Concert anniversaire
La nuit avait été courte. Nous étions chez un ami d'Alban Berg qui est l'assistant du chef du
Deutsche Oper. Dans son petit appartement de
Prenzlauer Berg, le quartier de Berlin-Est désormais occupé par les Bobo berlinois, il a une pièce entière dédiée à la musique avec un vieux piano Bechstein, des tonnes de partitions et de CD. Un moment vraiment agréable à l'écouter nous rejouer au piano quelques passages de la
Fanciulla del West, à entendre des extraits du
Winterreise et à piccoler du cognac. Vers 3 heures, notre hôte nous rappelle qu'en raison du changement d'horaire, il est déjà quatre heures et nous filons nous reposer avant d'assister à l'objet principal de notre séjour à Berlin.
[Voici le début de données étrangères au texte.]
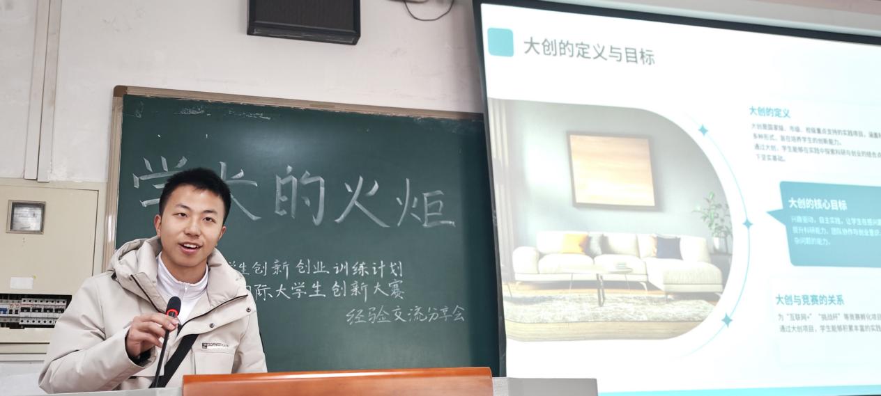本次交流活动特邀三位在往届赛事中表现优异的员工代表进行经验分享。2021级本科生陈俊潇系统梳理了赛事流程、评审要点,强调“选题需紧扣社会痛点,注重学科交叉与成果转化”。2022级本科生李成宇,聚焦红旅赛道,结合自身参与乡村智慧农业项目的经历,分享了如何将技术创新与红色文化、基层需求深度融合。2022级本科生周芷伊文本用词、数据支撑到可视化表达,逐一拆解申报书撰写技巧,提出“精准对标评审标准,用故事思维呈现价值”。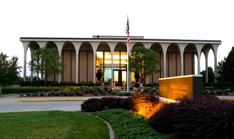 The Visitors’ Center stands on the northwest corner of the twenty-six acres at the intersection of Walnut and River streets. It is located south of the Community of Christ temple, and southeast of the chapel and headquarters’ offices of the Church of Christ. The edifice was dedicated on May 31, 1971, by President Joseph Fielding Smith.193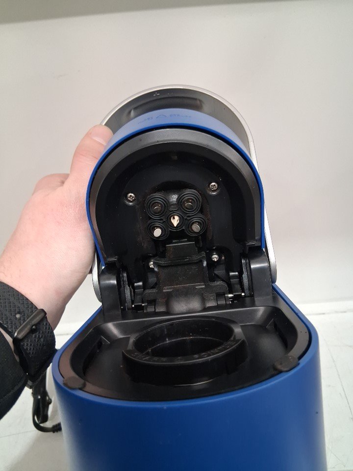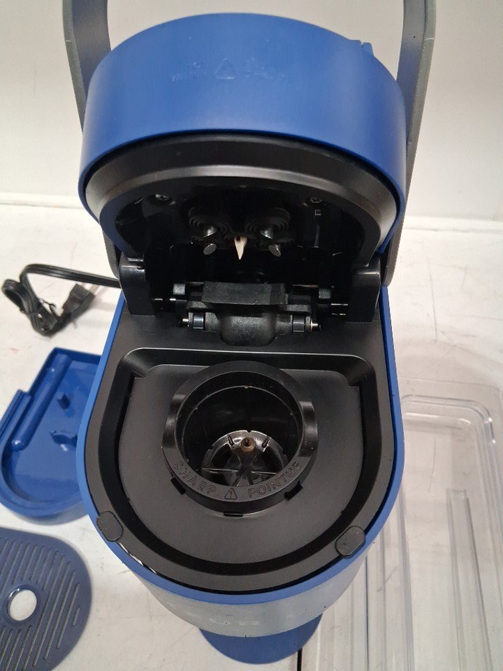 Tested for basic power, working. Signs of light use, water residue/coffee on machine and in water tank. A piece of the plastic housing has snapped off on the back. See photos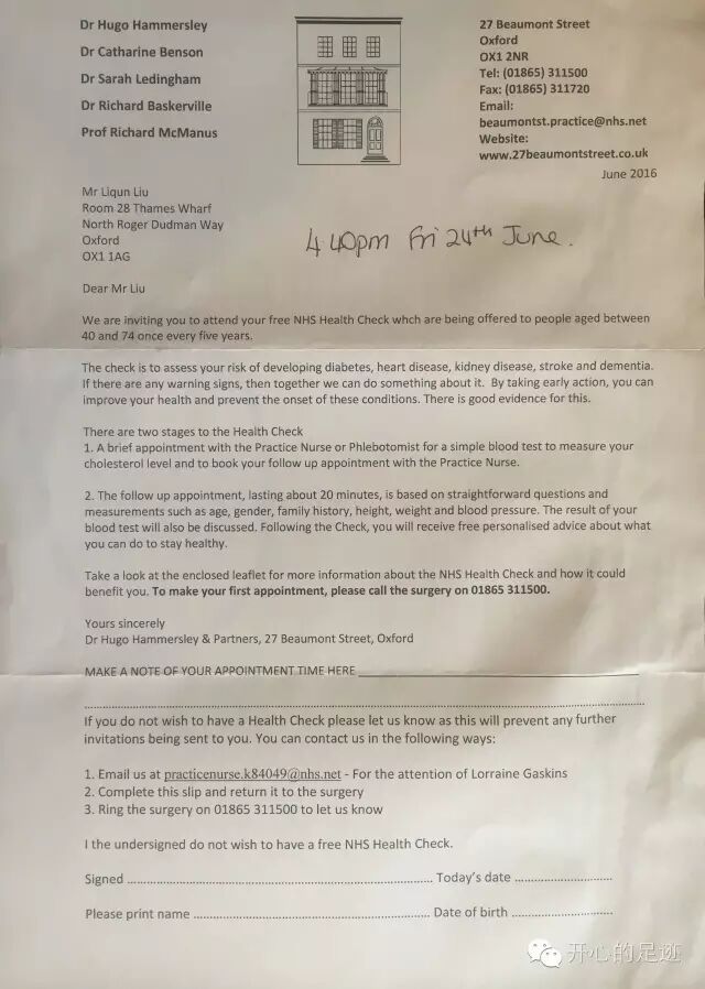 笔者在英国学习6个月,在全科诊所进行了注册。这是近期诊所给我寄来“邀请”体检的信件。为体验服务,笔者进行了预约,择日由诊所护士为我做了一次体检。值得一提的是,信中最后一栏是居民拒绝参加体检的签字确认信息,尊重居民的选择权,同时NHS在统计时将作为“除外项”处理。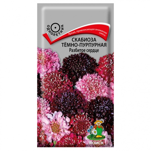 СКАБИОЗА Разбитое сердце, тёмно-пурпурная Яркая привлекающая внимание смесь. Стебли прямые, ветвистые, 80 см высотой. Пушистые крупные соцветия, диаметром до 5 см, на длинных цветоносах. Соцветия красные, розовые и тёмно-бордовые. Цветет с июля по октябрь. Используют в группах, рабатках, миксбордерах и на срезку. Срезанные цветы сохраняются в воде 5-7 дней. Агротехника. Растение светолюбивое, холодо- и засухоустойчивое. Предпочитает плодородные, легкие почвы богатые перегноем. Полив умеренный.Посев производят в конце марта - начале апреля в рассадные ящики. При температуре почвы +16-18?С всходы появляются через 8-14 дней. Сеянцы пикируют и в начале июня высаживают на постоянное место, выдерживая расстояние между растениями 25-30 см. Можно сеять в открытый грунт на постоянное место в начале мая.

Le lendemain, un peu avant onze heures, nous nous installons dans la salle de la Philharmonie juste derrière les choeurs, au centre, face au podium du chef. Pierre Boulez entre en scène.
La grande marche funèbre initiale démarre. Il est assez fascinant de voir chaque mouvement du chef répercuté avec précision dans la masse orchestrale. Il en ressort une impression de très grande clarté. La comparaison avec la Neuvième Symphonie jouée la veille est frappante. Barenboim avait dirigé avec une précision incroyable le Chicago Symphony Orchestra d'une technicité sans faille. Il en résultait une interprétation glaciale et sans âme. Boulez, à l'opposé de son habituelle image de froideur, nous donne avec la
Staatskapelle une vision construite et chaleureuse de l'oeuvre. Le deuxième mouvement, facilement ennuyeux est passionnant de bout en bout. Les deux solistes Petra Lang et Diana Damrau sont absolument parfaites.
Mais le plus époustouflant est le dernier mouvement. Pierre Boulez l'aborde avec une grande lenteur et une majesté très grave. Le résultat est particulièrement convaincant. Je sors du concert totalement bouleversé, dans un état encore plus pitoyable que pour la
Huitième, deux jours auparavant. Le public berlinois fait une véritable ovation chaleureuse à l'orchestre et au chef, au lendemain de ses 80 ans.
Nous passons dans les coulisses juste pour apercevoir l'homme du jour félicité par une foule compacte. Pourtant il est rapidement rappelé sur scène. Il y a eu un problème lors du concert : la fanfare de six cors qui joue en coulisse a totalement raté son passage et il a été décidé de le réenregistrer pour que la diffusion prévue le soir même sur arte soit meilleure. Tout l'orchestre est revenu sur scène dans la salle vide pour reprendre le passage délicat. Nous restons dans les coulisses juste devant les cornistes qui fixent un écran de télévision où ils peuvent voir et entendre les indications du chef. Nouvelle tentative ratée en raison de nouvelles fausses notes. Daniel Barenboim débarque. Il se met devant les cornistes et relaie pour eux les mouvements de Boulez. Cette fois-ci tout est en boîte. Je pense avec émotion à un concert donné également à Berlin, voilà cent ans, en 1905. Un jeune homme, chargé de diriger la fanfare dans les coulisses avait été chaleureusement félicité par Gustav Mahler. Il s'appelait Otto Klemperer. Soixante deux ans plus tard, le même Klemperer enregistera pour EMI les cinq concertos pour piano de Beethoven avec au piano un jeune pianiste nommé... Daniel Barenboim.